The changes BERR has made today allow for an EFG guarantee on capital lent to the CDFI by accredited lenders. This would effectively provide a guarantee at the level of the CDFI's lending to SMEs. By providing this greater level of security to the banks that their capital loan to CDFIs can be repaid we expect to encourage up to £20million of additional loans to the CDFI sector.

Community Development Finance Institutions (CDFIs) are independent financial institutions that provide loans to businesses, individuals and social enterprises in disadvantaged areas and who are unable to raise finance from mainstream lenders. There are between 70 - 80 in the UK the majority are Industrial and Provident Societies or Companies Limited by Guarantee.

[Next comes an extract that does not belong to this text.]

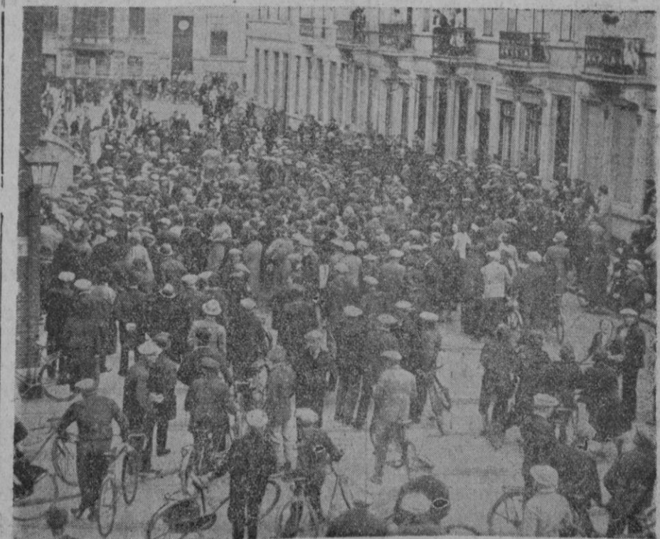
En el puerto de Amberes una huelga que había desde días ha llevado a los obreros de la ciudad a la huelga general. Aquí en la foto los obreros en un intento de organización de una manifestación.

The CDFIs' Trade association (the CDFA) publishes Inside Out, every two years. The most recent available data on CDFI activity (covering up to 2007) was published in March 2008. It reports that the sector had onward invested £287m, created and sustained 33,000 jobs and levered an extra £330m of finance into the businesses and households it serves.

Government has launched a range of Real Help for Business in the current situation. I attach All measures offering real help for small business can be accessed via the Business Link portal:

* The http://www.businesslink.gov.uk/realhelp portal
* Their local Business Link adviser on 0845 600 9 006
* Information on finance schemes and an initial assessment of eligibility is available at http://www.businesslink.gov.uk/realhelp/finance

Social Enterprise Access to Investment programme
This Social Enterprise Access to Investment programme will be run by the National Endowment for Science, Technology and the Arts (NESTA) and is jointly funded by the Office of the Third Sector in the Cabinet Office.
The programme will run for one year to provide insight into how Investment Readiness Providers (IRPs) that provide advice and brokerage for social enterprises may be sustainably financed in the future. This aims to increase the quality of social enterprise investment proposals; their chances of success; and the appeal of social enterprises as investment vehicles.

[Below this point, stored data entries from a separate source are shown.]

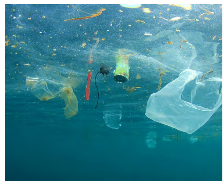
Despejo irregular de resíduos nos resíduos- Poluição Hídrica. Imagem do Portal Site Sustentável

Em resumo, só temos esse planeta para morar, cuide dele, preserve os recursos naturais, consuma menos, recicle, reaproveite, seja responsável com a natureza e animais, plante uma árvore e viva essa sensacional experiência de combate à poluição.
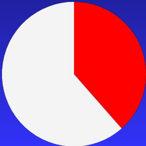
Govt. spending - Georgia
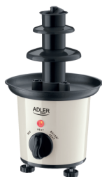
CHOCOLATE FOUNTAIN AD 4487
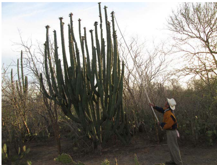
Figura 4. Utilización de vara de carrizo ( Arundo donax ) como instrumento para recolectar frutos de pitaya, llamado localmente “Bacote”

La recolección de los frutos la llevan a cabo, en su mayoría, hombres acompañados en parejas o en grupos de tres o más personas. Esto es derivado de los conflictos sociales que se viven en la región, mientras que en el pasado reciente (diez años atrás), los individuos de cualquier miembro de la familia podrían recolectar, tal como sucedía en otras regiones del país. Por ejemplo, en la Mixteca Baja, las pitayas de otras especies de Stenocereus eran colectadas por los niños, mujeres, ancianos y hombres adultos (Luna-Morales y Aguirre, 2001); en el valle de Tehuacán, Puebla, el garambullo ( Myrtillocactus schenckii (J.A. Purpus) Britton & Rose) es recolectado, en su mayoría, por niños (Blancas-Vázquez, 2007).

While, Social Enterprises can benefit from a wide range of financial products they are not always able to access the finance appropriate for them. Evidence suggests that this might be due to the fact that many SEs are not always investment ready and can have low levels of financial literacy. This translates into higher transaction costs for investment in these organisations.

According to research undertaken, there is a lack of appropriate financial advice for social enterprises and existing advice is often targeted at mainstream businesses.

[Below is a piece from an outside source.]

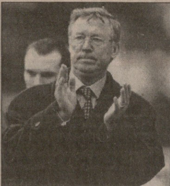
სერ ალექსანდრე ფერგუსონი
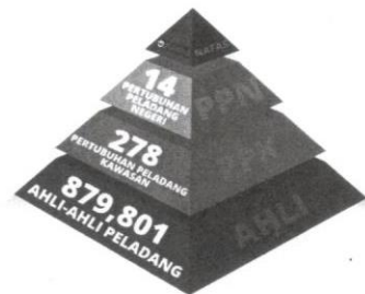
Rajah 1 Jumlah keahlian dan jumlah pertubuhan peladang pada peringkat kawasan dan negeri.

Menyoroti sejarah penubuhan NAFAS, pertubuhan tersebut telah dilancarkan pada 31 Mac 1972 oleh Perdana Menteri Malaysia ke-2, Allahyarham Tun Abdul Razak. Pada peringkat awal penubuhannya, NAFAS yang dikenali sebagai Persatuan Peladang Kebangsaan telah didaftarkan di bawah Akta Persatuan Peladang 1967 dan bertindak sebagai badan induk kepada persatuan-persatuan peladang di seluruh negara. Penubuhan persatuan peladang pada ketika itu

One of the key features of the programme is a success fee that will incentivise 'brokers' of advice to help social enterprises access funds. These fees will be performance based and only payable to investment readiness providers in the event of social enterprises successfully accessing risk capital. The aim is to adopt the model of success fees proven in other markets in the developing capital market for businesses driven by more than just the financial bottom line.